Section 8-34-605 conflicts with USERRA in several important respects and is therefore void. Section 4302(b) of USERRA [38 U.S.C. 4302(b)] provides that USERRA overrides a state law that purports to limit USERRA entitlements or that imposes an additional prerequisite upon the exercise of federal rights under USERRA. The U.S. Constitution provides: "This Constitution, and the laws of the United States which shall be made in pursuance thereof; and all treaties made, or which shall be made, under the authority of the United States, shall be the supreme law of the land; and the judges in every state shall be bound thereby, any thing in the Constitution or laws of any state to the contrary notwithstanding" (Article VI, Clause 2). This is commonly referred to as the "Supremacy Clause."

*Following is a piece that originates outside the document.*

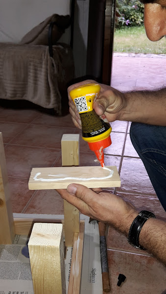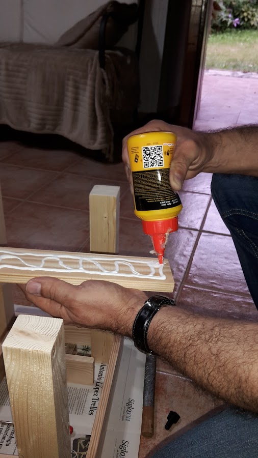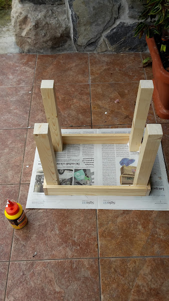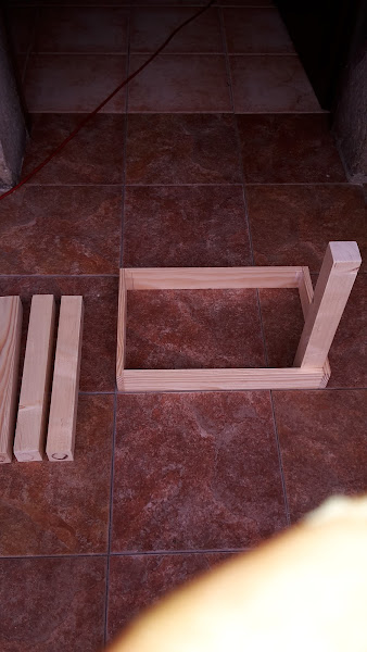 Y ahora hacemos ya el armazón cuadrado y vamos pegando las patas, solo pegarlas, luego ya tendremos tiempo de ir reforzandolas para que aguanten el peso de una persona.

Early in our nation's history, the Supreme Court decided that the Supremacy Clause means exactly what it says-that federal law trumps conflicting state law. See Gibbons v. Ogden, 22 U.S. 1 (1824).

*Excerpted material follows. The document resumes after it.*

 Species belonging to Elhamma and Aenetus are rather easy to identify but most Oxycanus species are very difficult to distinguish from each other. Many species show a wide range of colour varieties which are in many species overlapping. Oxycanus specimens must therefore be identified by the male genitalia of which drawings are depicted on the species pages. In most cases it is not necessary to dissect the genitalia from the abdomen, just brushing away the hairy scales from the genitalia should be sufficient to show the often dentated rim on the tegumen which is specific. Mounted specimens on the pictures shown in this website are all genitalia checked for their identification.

Section 8-34-605 provides, as one of the eligibility criteria for state retirement credit for military service, that "The member must not be able to establish the military service in any other retirement system" (Tennessee Code, section 8-34-605(a)(2)). This provision runs afoul of USERRA and also of section 12736 of Title 10, U.S. Code, which provides as follows: "No period of service included wholly or partly in determining a person's right to, or the amount of, retired pay under this chapter may be excluded in determining his eligibility for any annuity, pension, or old-age benefit, under any other law, on account of civilian employment by the United States or otherwise, or in determining the amount payable under that law, if that service is otherwise properly credited under it."
When section 12736 refers to "this chapter," it is referring to the chapter of Title 10, U.S. Code, that provides for retirement benefits starting at age 60 based on a combination of full-time military service and part-time service in the National Guard or Reserve. To qualify for that kind of military retirement, an individual must have at least 20 "good years" for military retirement-a good year is a year in which the individual earned at least 50 retirement points. If the individual meets that threshold, the amount of the individual's monthly retirement check, starting at age 60, is based on a formula that includes the total number of retirement points the individual earned in his or her entire career.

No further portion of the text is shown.